10 Mr Fisher then says that ordinarily the costs of proving a debt must be borne by the creditor in question, though the costs of a successful appeal against a liquidator's decision to reject a proof are usually paid out of the assets of the company and not by the liquidator personally unless it is expressly so ordered and the same should apply to an administration. He cites McPherson on Company Liquidation 4th ed (LBC, 1999) at 573 and cases there cited.
11 Corporations Regulation 5.6.51 provides (as the law was previously) that a creditor must bear the cost of proving his or her debt or claim unless the Court otherwise orders. The Regulations do not deal with costs on appeal against rejection of a proof of debt.
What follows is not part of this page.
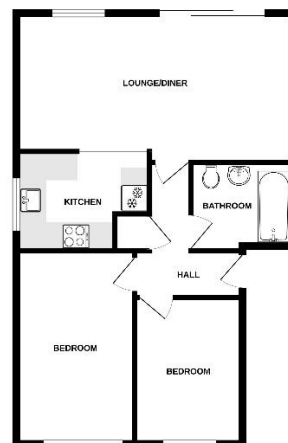
TOTAL FLOOR AREA: 622 sq ft. (57.5 sq m.) approx. THE INFORMATION IS BELIEVED TO BE CORRECT BUT IS NOT GUARANTEED. THE AGENT HAS CONDUCTED VISUAL GENERAL VERIFICATION OF THE INFORMATION BUT DOES NOT WARRANT THE ACCURACY OF THE INFORMATION. THE AGENT HAS CONDUCTED VISUAL GENERAL VERIFICATION OF THE INFORMATION BUT DOES NOT WARRANT THE ACCURACY OF THE INFORMATION. THE AGENT HAS CONDUCTED VISUAL GENERAL VERIFICATION OF THE INFORMATION BUT DOES NOT WARRANT THE ACCURACY OF THE INFORMATION.

Important Note: None of the services have been tested. Measurements, where given, are approximate and for descriptive purposes only. Boundaries cannot be guaranteed and must be checked by solicitors prior to exchange of contracts. Kimberley's Independent Estate Agents for themselves and for the vendors or lessors of this property, whose agents they are given notice that these particulars are produced in good faith, are set out as a general guide only and do not constitute any part of a contract. No person in the employment of Kimberley's Independent Estate Agents has any authority to make or give any representation or warranty whatever in relation to this property.

12 The passage in McPherson is based on Re National Wholemeal Bread & Biscuit Co [1892] 2 Ch 457 which merely applied the then rule in bankruptcy. There has been very little since. However, in Re Rural & Veterinary Requisites Pty Ltd (in liq) (1978) 3 ACLR 597, W B Campbell J in the Supreme Court of Queensland allowed an appeal against a proof of debt and at 603 held that the liquidators did not act unreasonably in contesting the claims. However, he ordered at that page that the proofs of debt be admitted in full, the liquidators pay the costs of the applicants of and incidental to the summonses, but that the liquidators were entitled to their costs including costs payable to the applicants out of the assets of the company.
13 This practice appears to me to accord fairly precisely with the way in which this Court approached the problem in another connection in Cresvale.
14 I have looked at the position with respect to personal bankruptcies. Whilst in England the traditional rule referred to in the National Biscuit case has continued, in Australia what is now s 105 of the Bankruptcy Act 1966 (Cth) (and before the 1966 Act a similar provision was contained in the Bankruptcy Rules) means that there is a statutory prohibition against making the Trustee pay the costs so that all that can be done is order that the successful applicant get his costs out of the bankrupt estate unless there has been misconduct on behalf of the Trustee; see eg Re Turner; Ex parte Curtin (1941) 12 ABC 1.
15 Accordingly the orders should be as follows:
The Court declares:
1. That the judgment obtained by the first defendant in District Court proceedings No 4868 of 2003 in the sum of $183,493.64 is extinguished.
The Court orders:
2. That the administrator admit the plaintiff's claim in the sum of $78,459.65.
3. That the first defendant consent with the plaintiff to discharge the judgment in District Court proceedings No 4868 of 2003.
4. That the defendants be restrained pending discharge of the District Court judgment from taking any steps to enforce that judgment.
5. That the defendants pay the plaintiff's costs of the proceedings.
6. That the second defendant be at liberty to receive his costs including any costs paid to the plaintiff under order 5 out of the assets of the first defendant.
*******************7. Liberty to apply.